They had taken care with their clothing, too. The effect was still ridiculous. But knowing them as he did, Lewis understood that they had put careful thought into those capri pants and satin vests and—in Jack’s case—plaid boxer shorts.
“Hi,” said Lewis awkwardly, as the silence grew. “This is … Abbie.”
Heads bobbed stiffly along the row. Captain Crawley, resplendent in a burgundy velvet jacket and green jogging pants, bowed deeply from the waist. “We be most honored, miss.”
If Abbie was shocked by the pirates, she didn’t show it. She responded with a deep, low curtsy as elegant as if she’d been curtsying all her life.
“Pleased to meet you,” she said.
No reply came, except anxious, aching glances. The pirates seemed hypnotized by Abbie. Lewis remembered that although they had
seen
girls over the years, including his mother, and more recently his classmates, they hadn’t actually
talked
to any for a very long time. Maybe since they’d died! Even Jack the Rat was wringing his hands with the strain.
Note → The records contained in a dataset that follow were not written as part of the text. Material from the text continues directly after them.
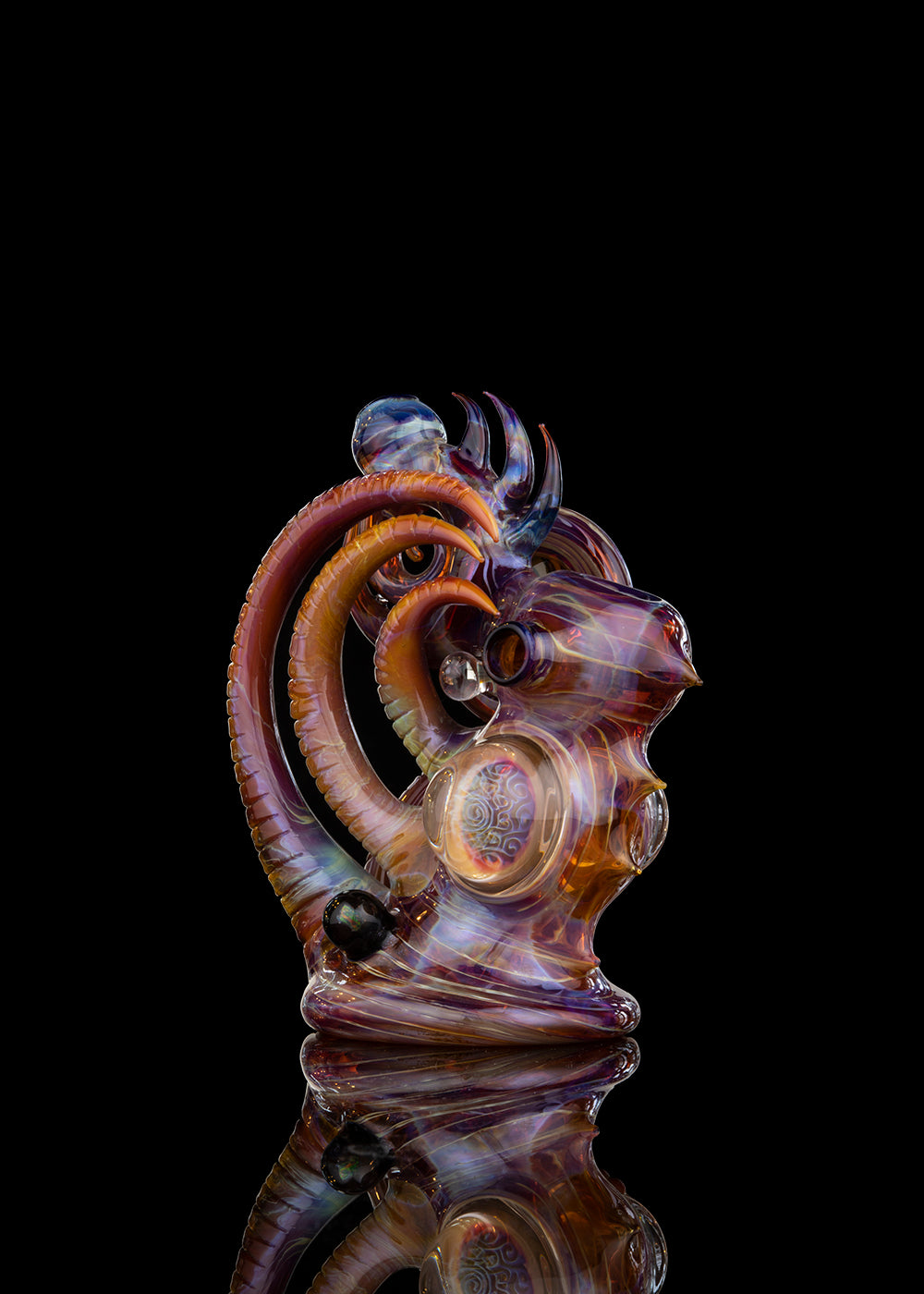 FREEEK! Horned Amber Purple Bubbler with Brain Marbles and Filla by Freeek!
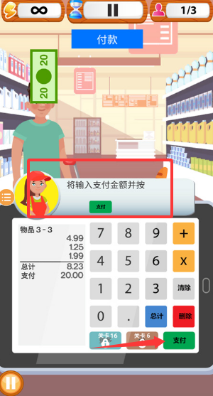 4、找零练习系统,针对不同面额货币设计找零训练,帮助玩家快速提升心算能力和货币识别速度。
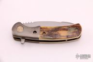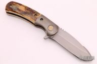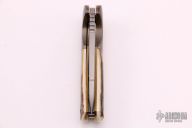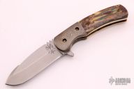 This Designated Marksman Linerlock flipper by Doc Shiffer features a tumbled blade with a flipper and notched thumbrest. The handle has Chad Nichols Damascus Bolsters, mammoth ivory scales, anodized titanium liners. Nice blade seating, detent and lockup, rides on bearings. Comes with original box and COA. New from maker.
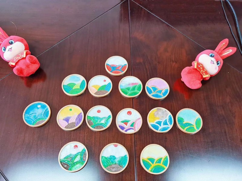 課上,單文靜詳細(xì)介紹了掐絲琺瑯彩畫的歷史淵源、發(fā)展歷程和工藝流程,并現(xiàn)場教授創(chuàng)作技巧和色彩搭配,培養(yǎng)大家對琺瑯彩畫藝術(shù)的審美情趣。在場人員聚精會(huì)神地傾聽、觀看,相互討論交流。隨后,在老師的指導(dǎo)下,大家用自己的巧手和智慧,按照“掐絲-洗沙-點(diǎn)彩”的步驟,制作出了一個(gè)個(gè)極具個(gè)性、各具韻味的掐絲琺瑯畫杯墊。
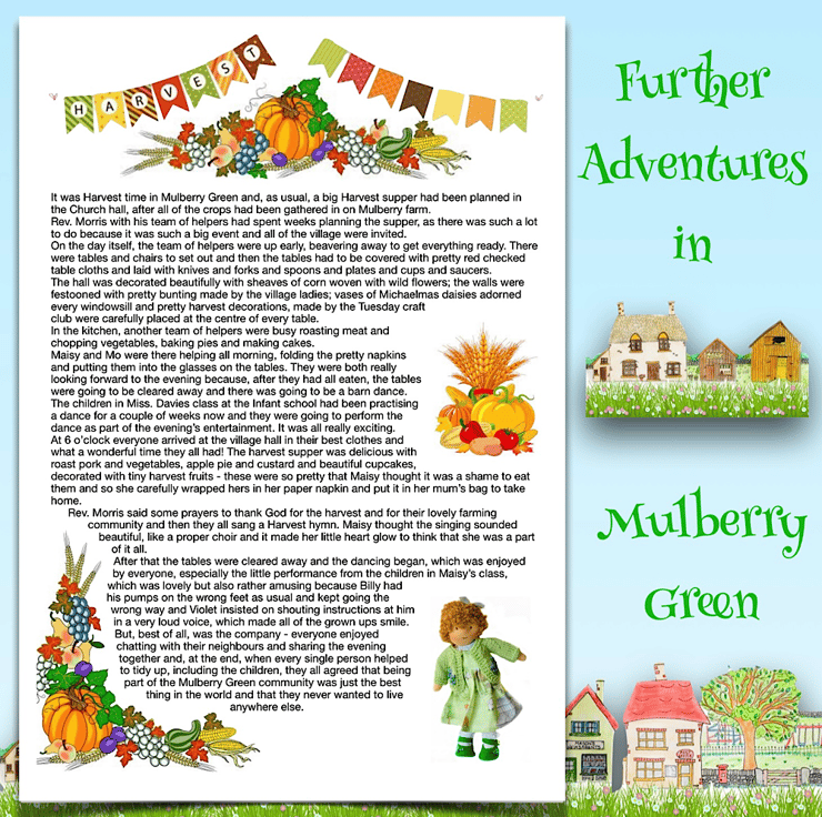 There are other children in Maisy’s class at school - Violet, Billy with his pet rabbit, Amber, Tilly, Rosie and her kittens, Amelia, Ruby, Marigold, Bobby with Max the dog, and the twins Oliver and Olivia, who have a puppy called Oscar. The dolls are all 26cm tall and baby Daisy is 16cm. Maisy and Mo love nothing more than having adventures with their friends. You can read about their adventures on my Facebook and Instagram pages - Maisy Muffin Rag Dolls and on my Mulberry Green Pinterest boards.
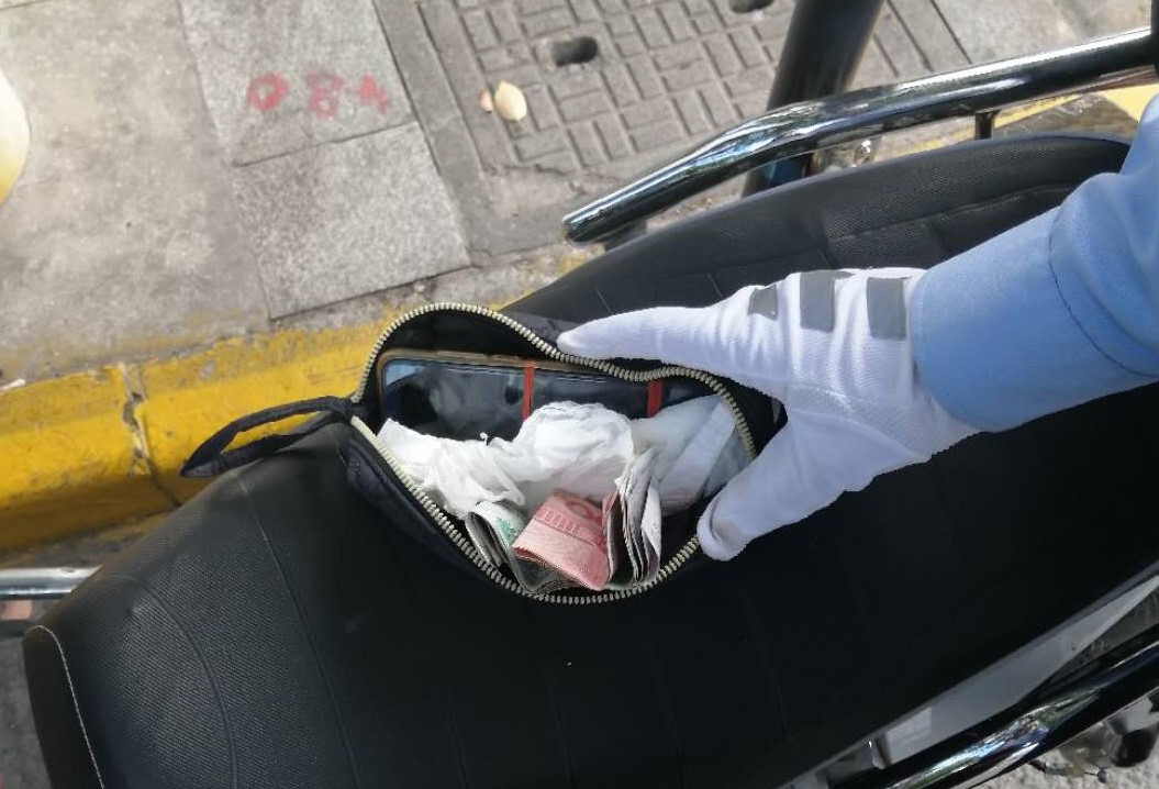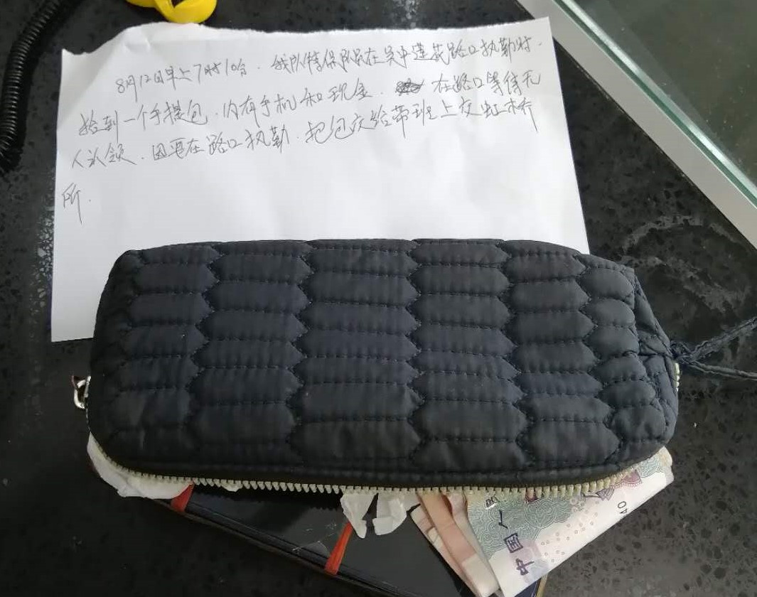 8月12日7:10,宗保公司驻闵行交通辅警项目队员范成刚,在吴中路莲花路路口执勤时捡到一个手包,包内有手机、现金等物品。
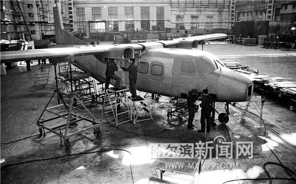 哈尔滨飞机制造公司自行研制的运12多用途民用飞机取得了国内首份按国际规范研制的民用飞机“型号合格证”,图为当年的制造车间。
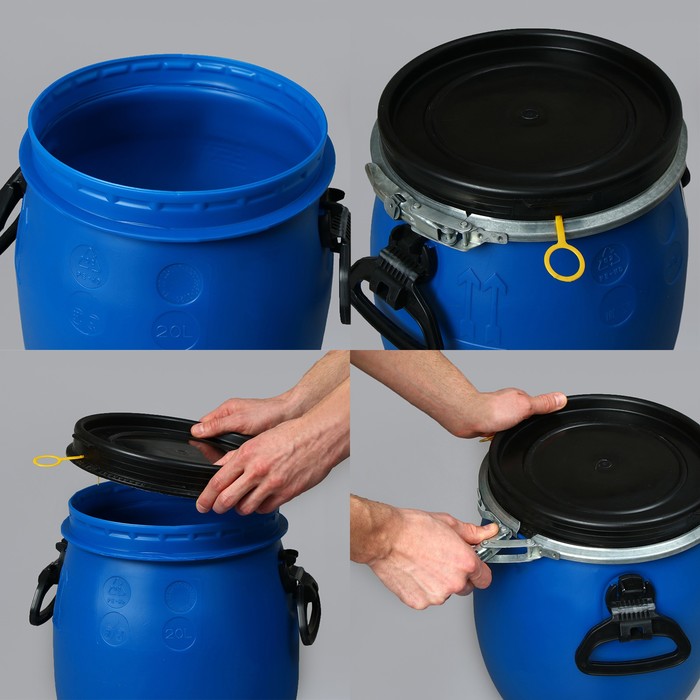 Бочка пищевая, 20 л, горловина 21.5 см, пластиковая, с крышкой 6 фото
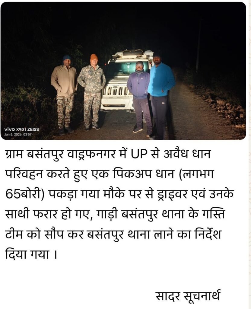 मिली जानकारी के अनुसार, 8 जनवरी 2026 की रात ग्राम बसंतपुर (नमोरी) में नायब तहसीलदार द्वारा उत्तर प्रदेश से तस्करी कर लाए जा रहे लगभग 65 बोरी अवैध धान से लदी एक बिना नंबर की पिकअप को पकड़ा गया था।
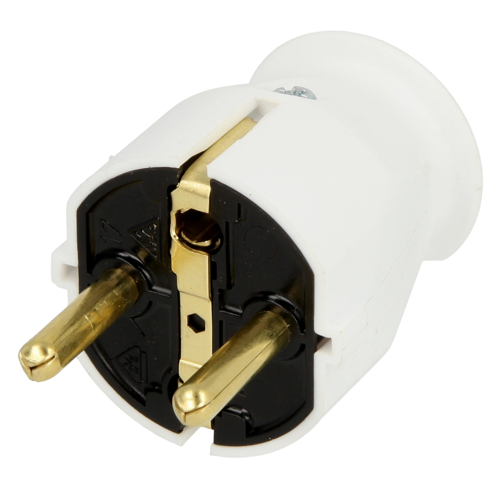 Grounding-type plug made of plastic with central cable entry and 2 contact systems fo cable cross-sections up to 3 x 1.5 mm².
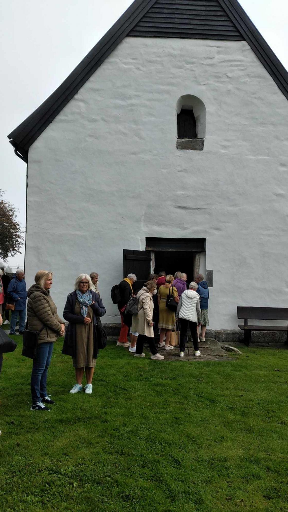 Det var oppmøte ved Moster gamle Kyrkje, der guide tok imot oss. Vi fikk omvisning i kirka som er ei steinkirke fra 1100-tallet og en av landets eldste kirker.
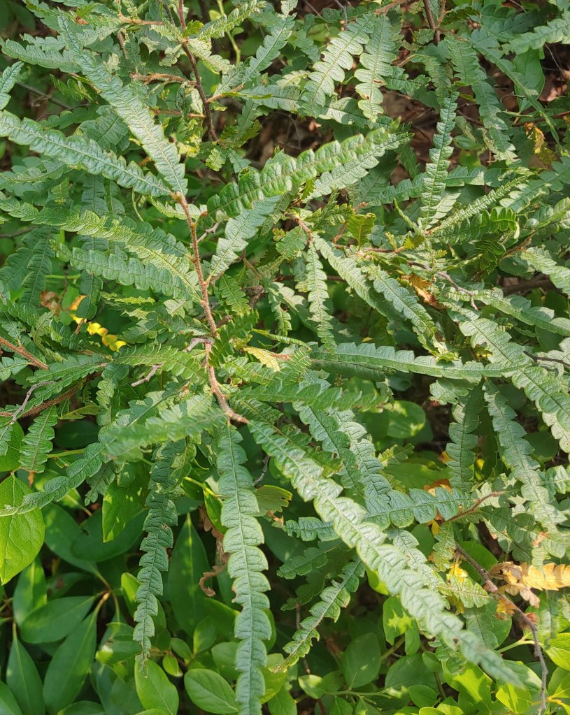 Comptonia peregrina looks surprisingly similar to Lyonothamnus floribundus ‘Aspleniifolius’, the Santa Cruz Island ironwood. (We learned it as the (Santa) Catalina (Island) ironwood, which is actually ‘Floribundus’.) I saw it for the first time in a blog such as yours. It might have been one of your pictures a while back.
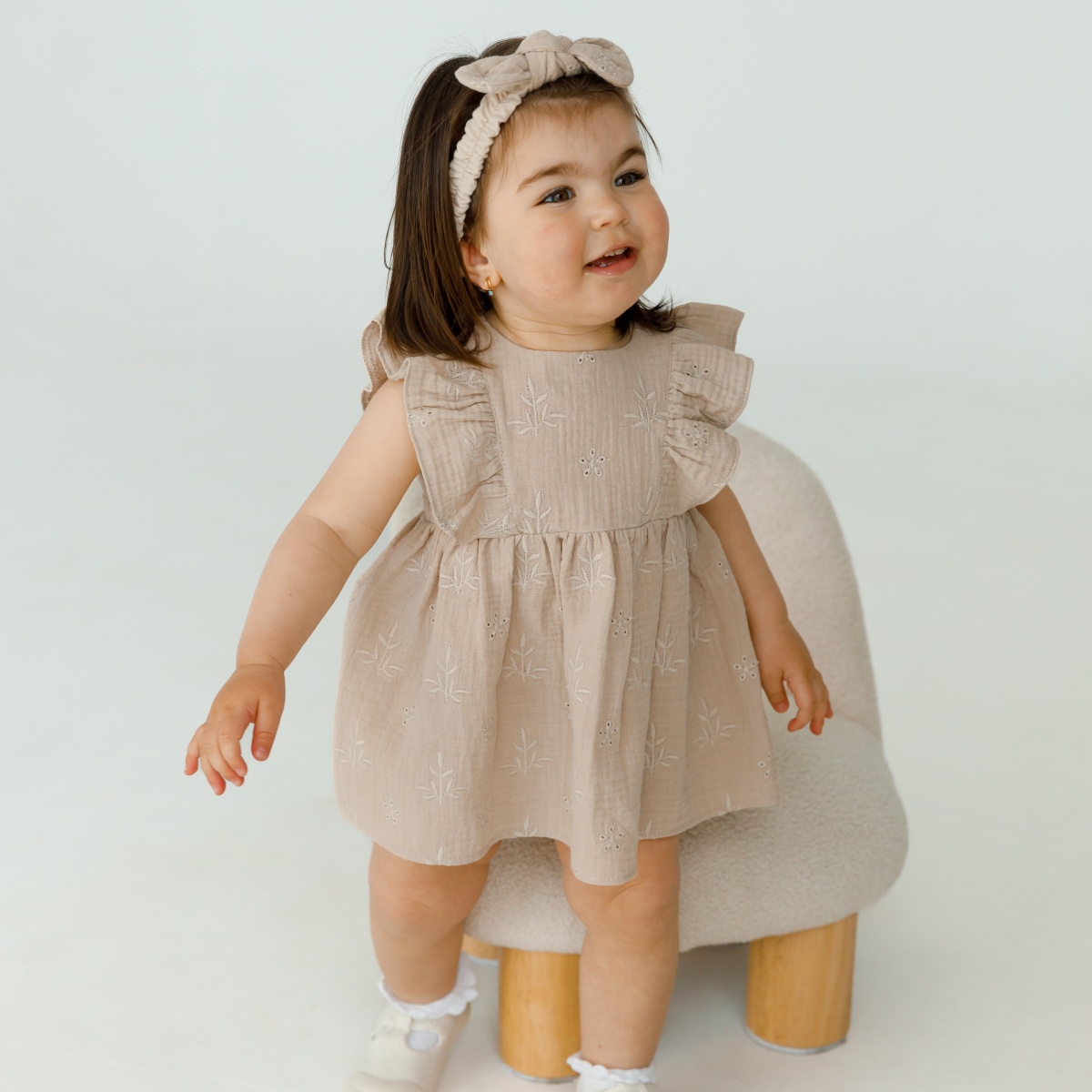 Costum de vară din muselină, format dintr-o rochie, o bentiță și chiloți incluși, care ascund perfect scutecul. Rochie de vară din muselină cu aripioare în loc de mâneci, închidere cu nasturi la spate.
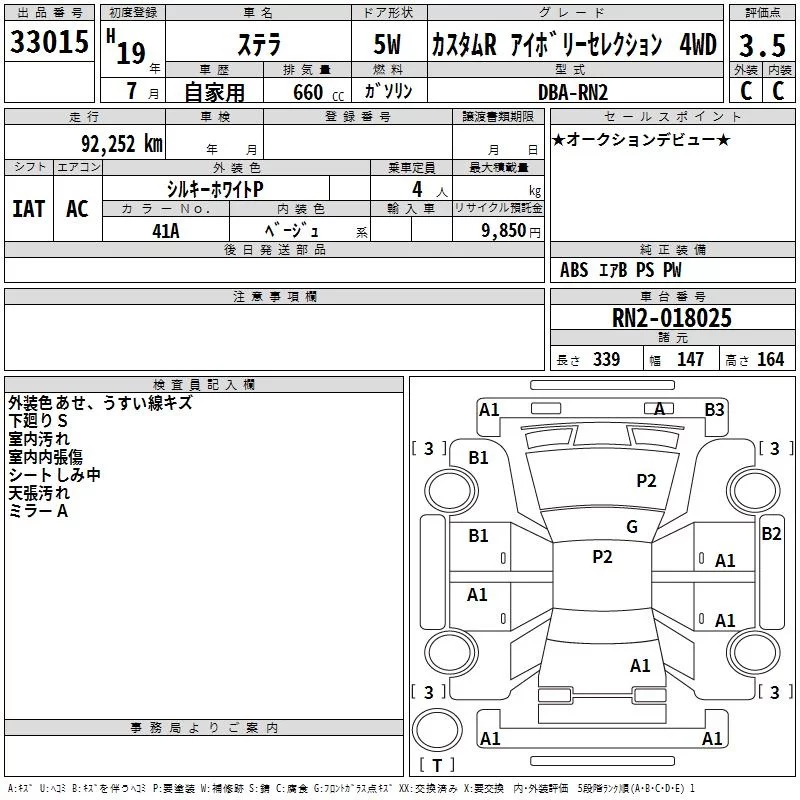 Subaru STELLA с аукциона Японии TAA Kyushu лот № 33015
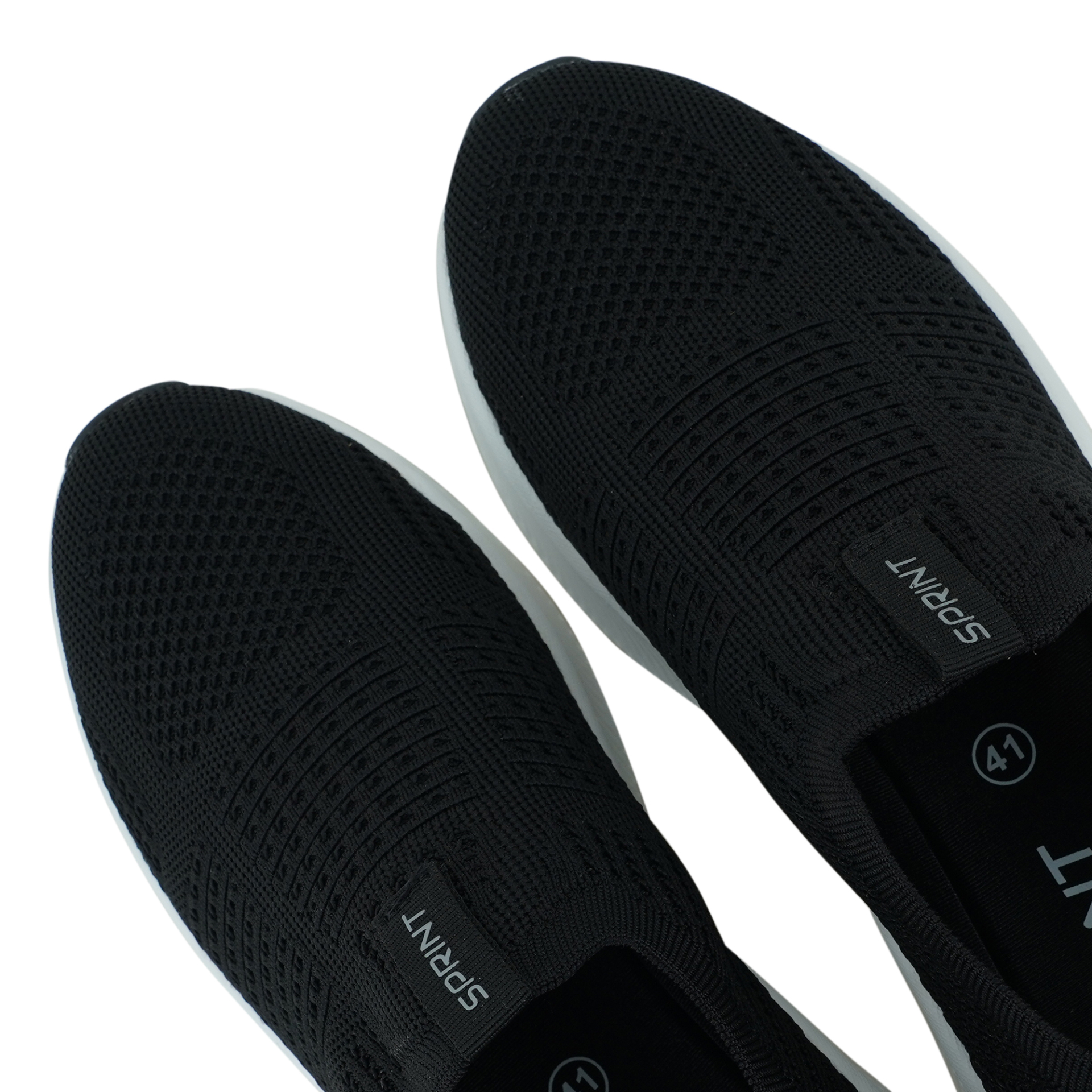 The Sprint Men’s Sports Shoe combines effortless style with everyday comfort. Featuring a breathable Flyknit upper, it provides flexibility and lightweight support, while the EVA sole delivers reliable cushioning and traction. The slip-on, no-lace design ensures easy wear and a secure fit, making it perfect for casual outings, quick errands, or active routines. Designed for practicality and modern sporty appeal, this all-black pair offers a sleek, versatile look for any occasion.

What must it be like not to talk to a girl for two centuries? Watching the pirates, Lewis realized that he was looking at a shyness as deep as any he had ever felt. It made him want to help.
“Why don’t we sit down?” he said.
There was a flurry as the pirates all reacted at once, stumbling into one another and fighting for the same places on the floor. Captain Crawley smacked several of them aside in his haste to reach the wicker chair, which he dusted off and set in the middle of the rug.
“For you, miss,” he said.
“Thank you,” said Abbie, settling herself in the chair.
Lewis was astounded. There she sat, surrounded by dead pirates, her smile so comfortable it was as if they were all old friends.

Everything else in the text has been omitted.